DATASET ENTRIES:
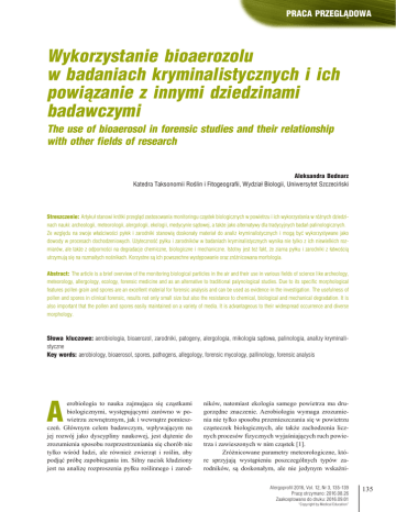 PRACA PRZEGLĄDOWA Wykorzystanie bioaerozolu w badaniach kryminalistycznych i ich powiązanie z innymi dziedzinami badawczymi The use of bioaerosol in forensic studies and their relationship with other fields of research Aleksandra Bednarz Katedra Taksonomii Roślin i Fitogeografii, Wydział Biologii, Uniwersytet Szczeciński Streszczenie: Artykuł stanowi krótki przegląd zastosowania monitoringu cząstek biologicznych w powietrzu i ich wykorzystania w różnych dziedzinach nauki: archeologii, meteorologii, alergologii, ekologii, medycynie sądowej, a także jako alternatywy dla tradycyjnych badań palinologicznych. Ze względu na swoje właściwości pyłek i zarodniki stanowią doskonały materiał do analiz kryminalistycznych i mogą być wykorzystywane jako dowody w procesach dochodzeniowych. Użyteczność pyłku i zarodników w badaniach kryminalistycznych wynika nie tylko z ich niewielkich rozmiarów, ale także z odporności na degradacje chemiczne, biologiczne i mechaniczne. Istotny jest też fakt, że ziarna pyłku i zarodniki z łatwością utrzymują się na rozmaitych nośnikach. Korzystne są ich powszechne występowanie oraz zróżnicowana morfologia. Abstract: The article is a brief overview of the monitoring biological particles in the air and their use in various fields of science like archeology, meteorology, allergology, ecology, forensic medicine and as an alternative to traditional palynological studies. Due to its specific morphological features pollen grain and spores are an excellent material for forensic analysis and can be used as evidence in the investigation. The usefulness of pollen and spores in clinical forensic, results not only small size but also the resistance to chemical, biological and mechanical degradation. It is also important that the pollen and spores easily maintained on a variety of media. It is advantageous to their widespread occurrence and diverse morphology. Słowa kluczowe: aerobiologia, bioaerozol, zarodniki, patogeny, alergologia, mikologia sądowa, palinologia, analizy kryminalistyczne Key words: aerobiology, bioaerosol, spores, pathogens, allegology, forensic mycology, pallinology, forensic analysis A erobiologia to nauka zajmująca się cząstkami biologicznymi, występującymi zarówno w powietrzu zewnętrznym, jak i wewnątrz pomieszczeń. Głównym celem badawczym, wpływającym na jej rozwój jako dyscypliny naukowej, jest dążenie do zrozumienia sposobu rozprzestrzeniania się chorób nie tylko wśród ludzi, ale również zwierząt i roślin, aby podjąć próbę zapobiegania im. Silny nacisk kładziony jest na analizę rozproszenia pyłku roślinnego i zarod- ników, natomiast ekologia samego powietrza ma drugorzędne znaczenie. Aerobiologia wymaga zrozumienia nie tylko sposobu przemieszczania się w powietrzu cząsteczek biologicznych, ale także zachodzenia licznych procesów fizycznych wyjaśniających ruch powietrza i zawieszonych w nim cząstek [1]. Zróżnicowane parametry meteorologiczne, które sprzyjają wystąpieniu poszczególnych typów zarodników, są doskonałym, ale nie jedynym wskaźniAlergoprofil 2016, Vol. 12, Nr 3, 135-139 Pracę otrzymano: 2016.08.26 Zaakceptowano do druku: 2016.09.01 “Copyright by Medical Education” 135 PRACA PRZEGLĄDOWA kiem do przewidywania koncentracji aerospor. Analiza stężeń zarodników jest istotna w aspekcie prognozowania i zapobiegania ich patogennym działaniom. Powietrze, którym oddychamy, składa się nie tylko z gazów, takich jak: azot, tlen i dwutlenek węgla, ale zawiera również inne substancje lotne, cząstki nieorganiczne (np. drobinki skał, produkty spalania i pył z przestrzeni kosmicznej) oraz materiał pochodzenia biologicznego. Oprócz pyłku roślin i zarodników grzybów, występujących w zróżnicowanych kształtach i rozmiarach, bioaerozol może również zawierać protisty (np. pierwotniaki, glony i okrzemki), bakterie, wirusy, zarodniki mchów i paproci, fragmenty roślin i drobnych nasion, bezkręgowce i ich fragmenty (np. nicienie, roztocza, pająki i owady) oraz dowolne fragmenty organiczne. Rozmiary opisanych drobin mieszczą się w przedziale 1–200 µm. Substancje lotne mogą pochodzić ze źródeł biologicznych w postaci metabolitów, powstałych w procesach takich, jak: rozkład, fermentacja lub produkcja toksyn. W warunkach występowania „wystarczająco” wysokiego poziomu zanieczyszczeń w powietrzu wspomniany materiał może być widoczny gołym okiem w postaci pyłu, dymu i smogu [1]. Skład powietrza atmosferycznego zmienia się dynamicznie. W zależności od lokalizacji, warunków pogodowych, pór roku i dnia można zaobserwować odmienne skutki działania powyższych czynników na produkcję, transport i składowanie poszczególnych typów aerospor [2]. Na efektywność ich rozproszenia w powietrzu wpływają: liczba i sposób uwalniania produkowanych zarodników, rodzaj transportu i osadzania, a także ich długowieczność i uwarunkowania środowiskowe. Większość modeli opisujących codzienną okresowość „zarodnikowania” jest związana z czynnikami środowiskowymi, takimi jak: światło, temperatura czy wiatr. Znaczenie rytmów dobowych w produkcji i uwalnianiu zarodników w sukcesie ewolucyjnym grzybów rozważanych jako patogeny roślinne nie została potwierdzona. Aby zarodniki skutecznie rozproszyły się w powietrzu, muszą pokonać liczne przeszkody – przebyć trzy etapy porównywane z lotem samolotu: wyzwolenie zarodników („start”), transport („lot”) oraz osadzanie („lądowanie”) [3]. Szlaki aerobiologiczne ukazują różne etapy ruchu cząstek, takich jak zarodniki lub pyłek, zaczynając od ich źródeł, aż do skutków, jakie powodują podczas lądowania. Często, zamiast badać każdy proces z osobna, badano kombinację kilku procesów. Pobieranie próbek powietrza do badania niektórych cząstek (zwykle zarodników lub pyłku) może być przydatne do monitorowania zmian klimatycznych, sz
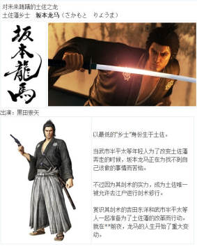SEGA幕末题材游戏《如龙 维新》官方网站近日更新,曝光了游戏里土佐藩重要角色的背景介绍,其中就包括坂本龙马,吉田东洋,中冈慎太郎,武市半平太和冈田以蔵,下面一起来看看吧。
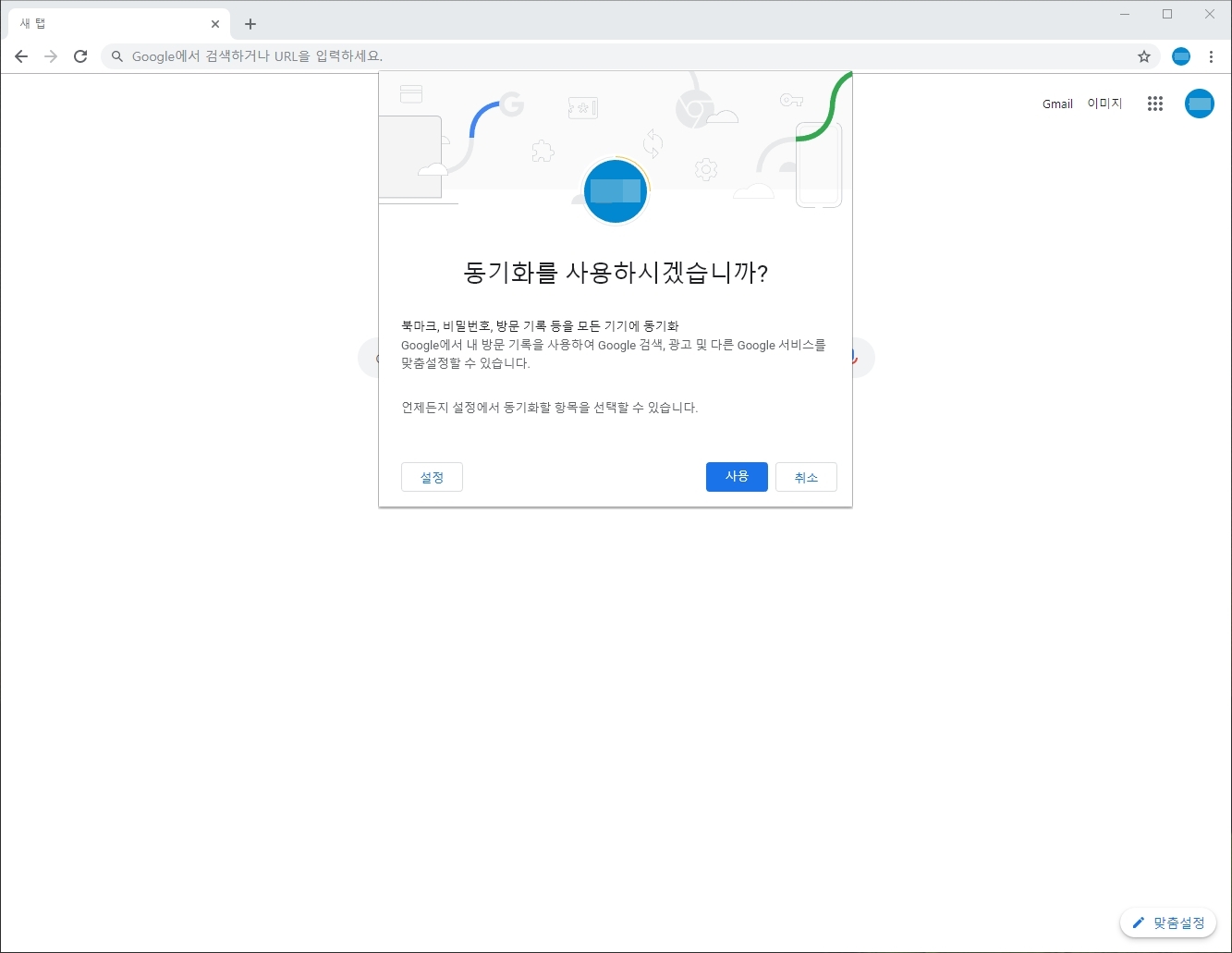 구글 아이디 로그인을 통한 크롬 동기화 설정
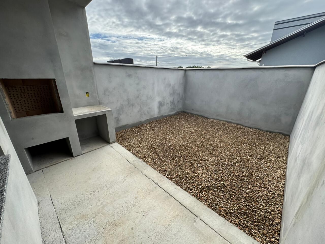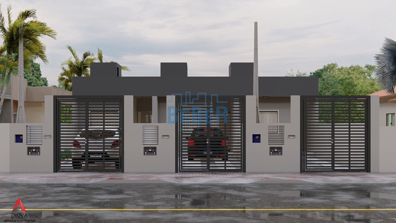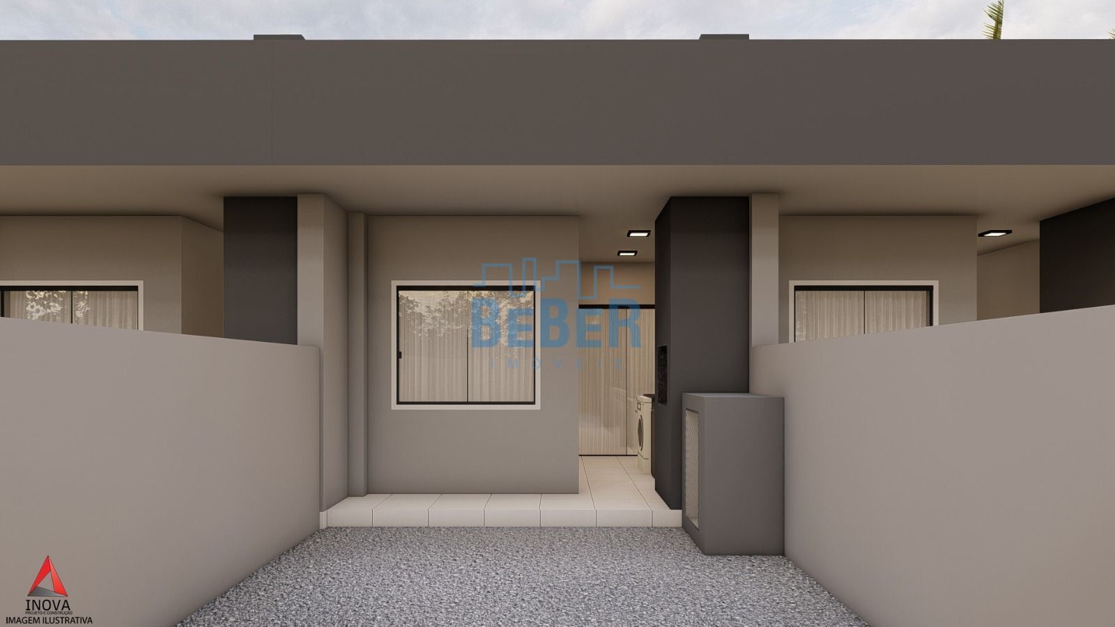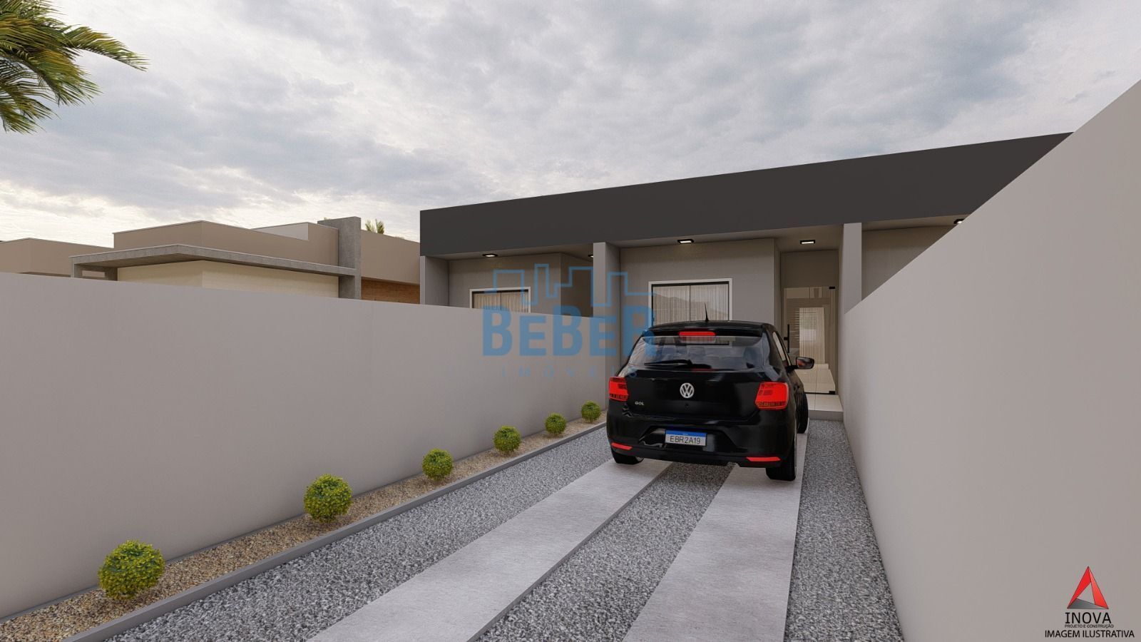 Contendo 02 quartos, 01 bwc, sala de estar/jantar, cozinha, área de serviço, 02 vagas de estacionamento e amplo espaço atrãs. Portão basculante de alumínio, roda teto gesso, portas brancas laqueadas, rebaixo em gesso em toda parte interna e massa corrida.
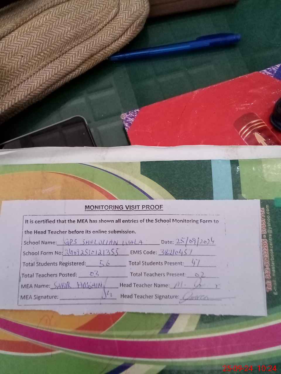 | EMIS Code: 38210457 | Name of School: GPS SHALOLIAN WALA | |||
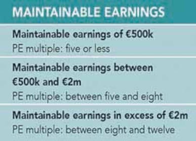 Des Peelo, a well-known author in the area of share valuations in Ireland, suggests the following PE multiples as a rough guide for valuing Irish companies in his book, The Valuation of Businesses and Shares:
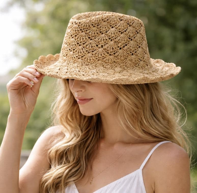 Crochet Style Straw Vented Sombrero Women's Summer Hat

TASK DESCRIPTION:
Repeat only the stretch of data above that runs from the line with "Contendo 02 quartos, 01" to the line with "SHALOLIAN WALA | |||". Keep both end lines; exclude pictures.

RESULT:
 Contendo 02 quartos, 01 bwc, sala de estar/jantar, cozinha, área de serviço, 02 vagas de estacionamento e amplo espaço atrãs. Portão basculante de alumínio, roda teto gesso, portas brancas laqueadas, rebaixo em gesso em toda parte interna e massa corrida.
 | EMIS Code: 38210457 | Name of School: GPS SHALOLIAN WALA | |||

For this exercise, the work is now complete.